For such an expensive place, she thinks most of the men are unattractive, the perpetual adolescents. There is one lady in the Section 8 apartments down the street who wheels out every day (weather permitting) in her wheelchair and chain smokes all day in the yard facing the street. That being said, most of the stragglers in Santa Cruz have some kind of outpatient money when you scratch the surface and talk with them. Trust fund kids and inheritors always like to portray their advantages as breezy insouciance and superiority while pretending to be 'humble'.

There are still rent controlled trailers in the county areas, and Guv will send out handy man once or twice a year and replace appliances every five years for free.

You can tell the homeless and old druggies by the way they have that stiff gaited Parkinsonism shuffle from long term drug abuse, you can spot them a mile away from their body language.
6   SoTex   2024 Oct 20, 12:01pm  

HeadSet says


I work it out so I could retire at 38 (paid-for nice house, enough passive income to pay bills, plus savings) yet when I was able to I did not feel like retiring. Being financially independent did mean I could be selective about where I wanted to work.


I think you're one of the few younger people on patnet with a pension? Former Airforce? My dad and uncle have those and uncle has an additional pension from the city of SA for doing IT work after AF retirement.

I tell them it's like they are multi-millionaires. I'm barely a multi but I don't feel like I could retire without at least one more. At least not this young being mid-gen-X. I GTFO out CA a couple of years ago too.
7   WookieMan   2024 Oct 20, 12:30pm  

SoTex says

I think you're one of the few younger people on patnet with a pension? Former Airforce? My dad and uncle have those and uncle has an additional pension from the city of SA for doing IT work after AF retirement.
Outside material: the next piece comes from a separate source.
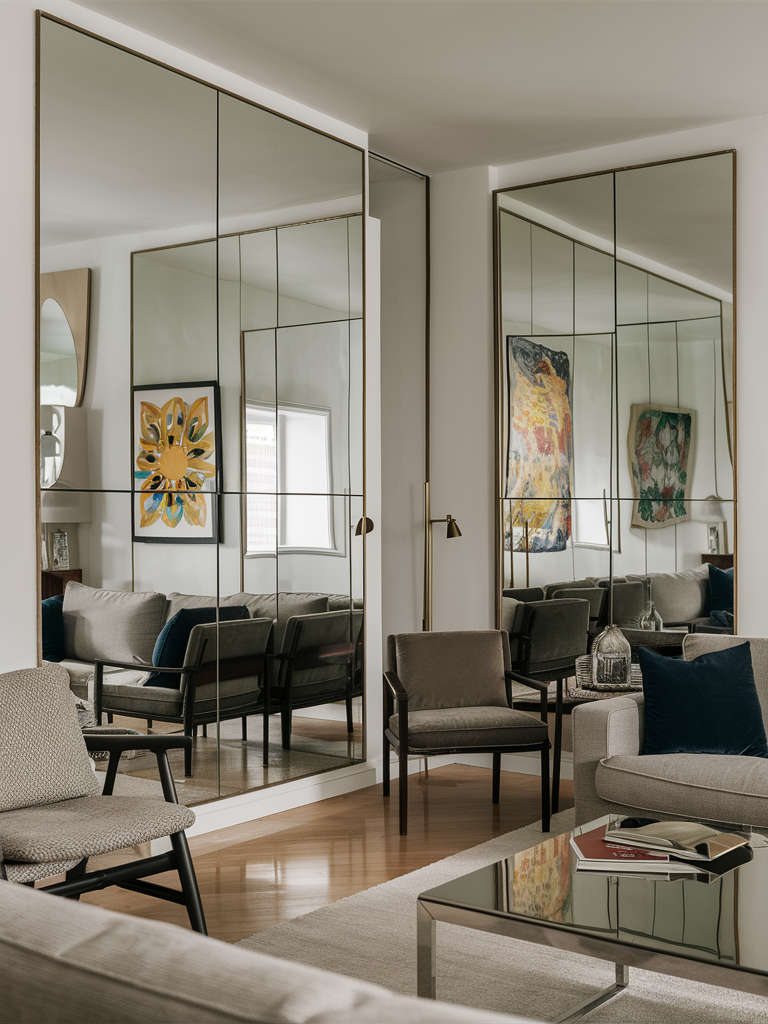 Big mirrors change the impression of space, making a living room look bigger and lighter. Choose mirrors with frames of different, bright colors and play with them so they become a colorful wall background for living rooms. Besides the practical use these mirrors play, their placement also has the added benefit of reflecting light and color, thereby aesthetically pleasing the room.

Not my super rich uncle, but another got the double dip pension delight. Superintendent of a school district and county president. He's been making $400k/yr doing nothing for about 20 years. His wife was a teacher as well. Another $90k/yr. Kids are grown and successful. House paid off.

Weird thing is they don't travel or do anything. And I'm not joking. They do nothing but sit at the house and I think read or something. They're likely sitting on $20M unless they've been giving it to my cousins or grandkids. They're healthy enough, but going back to the OP, they don't do anything because they're old. Doesn't invest because there's no more income besides SS money. That's funny money for them. He could take some risky gambles if he wanted. He is about 75 I believe.

It would be fun to be old with tons of money and just toss $50k on red at a roulette table and not worry about it as long as you have discipline to walk after the first loss or walk after 2-3 wins in a row.